The connector creates a table with columns matching the JSON keys, and relies on the default pipe named {tableName}-STREAMING
which will automatically map the record content’s first-level keys to table columns matching by name (case-insensitive).
You can also create your own table with columns matching the JSON keys.
The connector tries to match the record content’s first-level keys to the table columns by name.
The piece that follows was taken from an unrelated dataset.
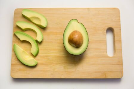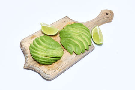 Sliced avocado fruit on wooden chopping board isolated on white background
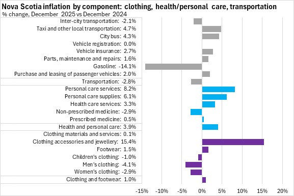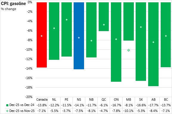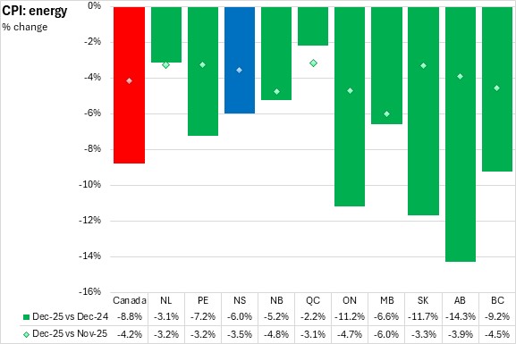 On a monthly basis, Nova Scotia's all items CPI was down 0.2% from November 2025 to December 2025. National prices were also down 0.2% on average. There were price decreases reported in eight provinces (led by British Columbia) and unchanged in two provinces (Newfoundland and Labrador and Québec).

If keys from the JSON do not match the table columns, the connector ignores the keys.
CREATE TABLE ORDERS (
record_metadata VARIANT,
order_id NUMBER,
customer_name VARCHAR,
order_total NUMBER,
ispaid BOOLEAN
);
If you choose to create your own pipe, you can define the data transformation logic in the pipe’s COPY INTO statement. You can rename columns as required and cast the data types as needed. For example:
CREATE TABLE ORDERS (
order_id VARCHAR,
customer_name VARCHAR,
order_total VARCHAR,
ispaid VARCHAR
);
CREATE PIPE ORDERS AS
COPY INTO ORDERS
FROM (
SELECT
$1:order_id::STRING,
$1:customer_name,
$1:order_total::STRING,
$1:isPaid::STRING
FROM TABLE(DATA_SOURCE(TYPE => 'STREAMING'))
);
or
CREATE TABLE ORDERS (
topic VARCHAR,
partition VARCHAR,
order_id VARCHAR,
customer_name VARCHAR,
order_total VARCHAR,
ispaid VARCHAR
);
CREATE PIPE ORDERS AS
COPY INTO ORDERS
FROM (
SELECT
$1:RECORD_METADATA.topic::STRING AS topic,
$1:RECORD_METADATA.partition::STRING AS partition,
$1['order_id']::STRING AS order_id,
$1['customer_name']::STRING as customer_name,
CONCAT($1['order_total']::STRING, ' USD') AS order_total,
$1['isPaid']::STRING AS ispaid
FROM TABLE(DATA_SOURCE(TYPE => 'STREAMING'))
);
When you define your own pipe your destination table columns need not need match the JSON keys. You can rename the columns to your desired names and cast the data types if required.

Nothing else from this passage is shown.